Viterbo – (f.b.) – “C’è un’indagine in corso, ci penserà chi di dovere…”.
La dirigente dell’istituto Paolo Savi, Maria Patrizia Gaddi, preferisce tagliare corto sulla questione dei saluti fascisti che si sarebbero verificati a scuola.
“Non ho ricevuto alcuna lettera” dice riferendosi alla missiva della Rete degli studenti medi, inviata e pubblicata anche sui media locali.

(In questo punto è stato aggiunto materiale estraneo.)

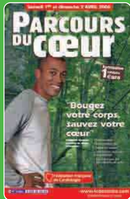
Affiche des Parcours du Cœur 2006

À cette occasion, nos cardiologues informent également le public sur l'impact du tabac et des autres « bourreaux du cœur » que sont le cholestérol, le diabète et l'hypertension artérielle, et donnent des conseils pour une alimentation équilibrée.
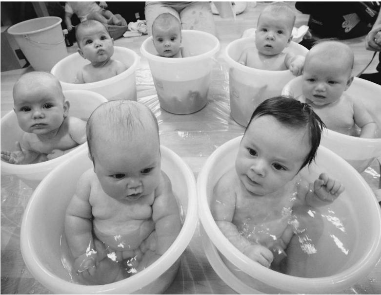
Сейчас средний размер алиментов составляет 1600 рублей. Сумма невелика
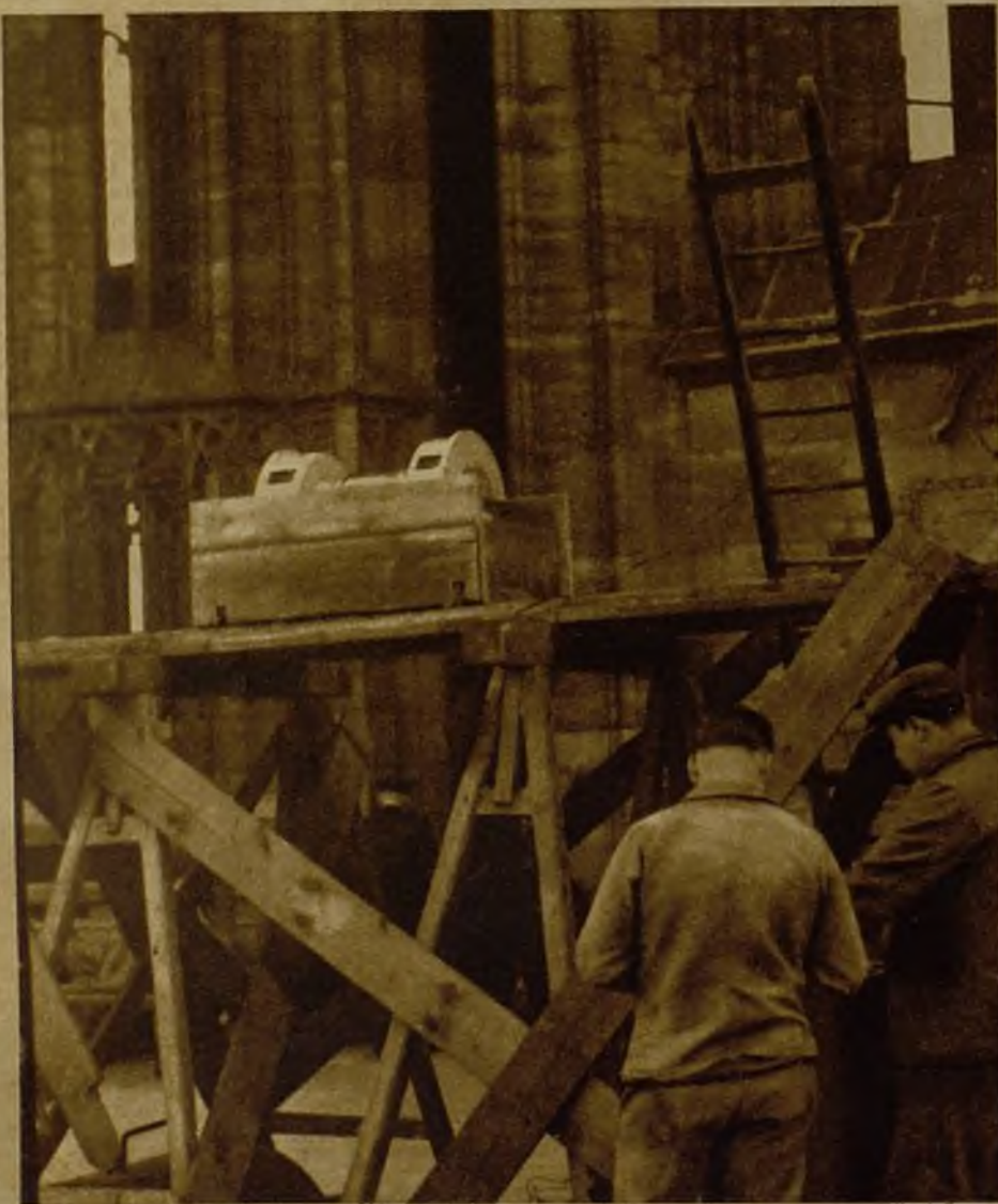
Las medidas precautorias adoptadas por Francia en toda la zona fronteriza alcanzan a la catedral de Strashurgo, donde ha sido instalada una sirena de alarma
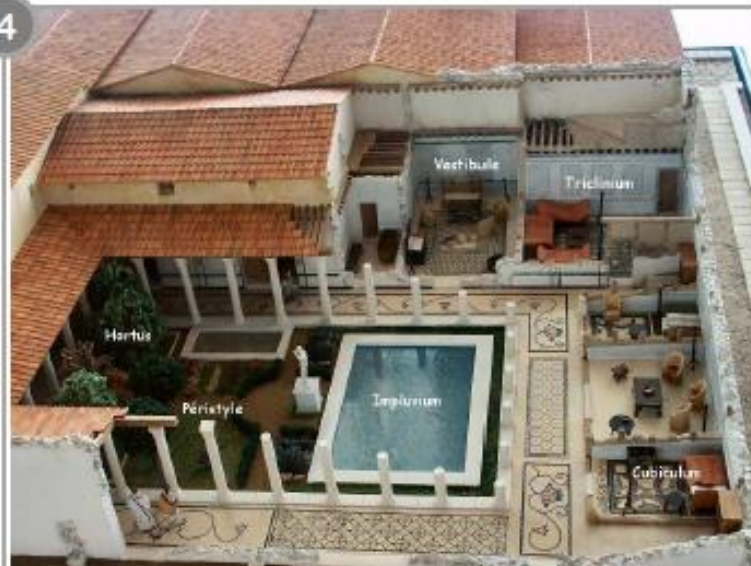
Maquette d'une domus, réalisée par Patrice Berger

Nel lungo e approfondito messaggio dei ragazzi alla preside si parlava di presunti episodi di saluti fascisti, fatti in classe e poi immortalati e postati sui social network.
La Rete degli studenti chiedeva alla dirigente scolastica quali soluzioni si potrebbero adottare per evitare certi gesti. Con percorsi educativi, iniziative e riflessioni profonde sulla storia italiana più o meno recente ma, soprattutto, focalizzando l’attenzione al rispetto reciproco delle idee e alla democrazia.
“Ho letto la lettera sulla stampa – spiega Maria Patrizia Gaddi – perché a me non è pervenuto nulla. In ogni caso so che c’è un’indagine in corso e quindi procederà chi di dovere. Non ho altro da aggiungere”.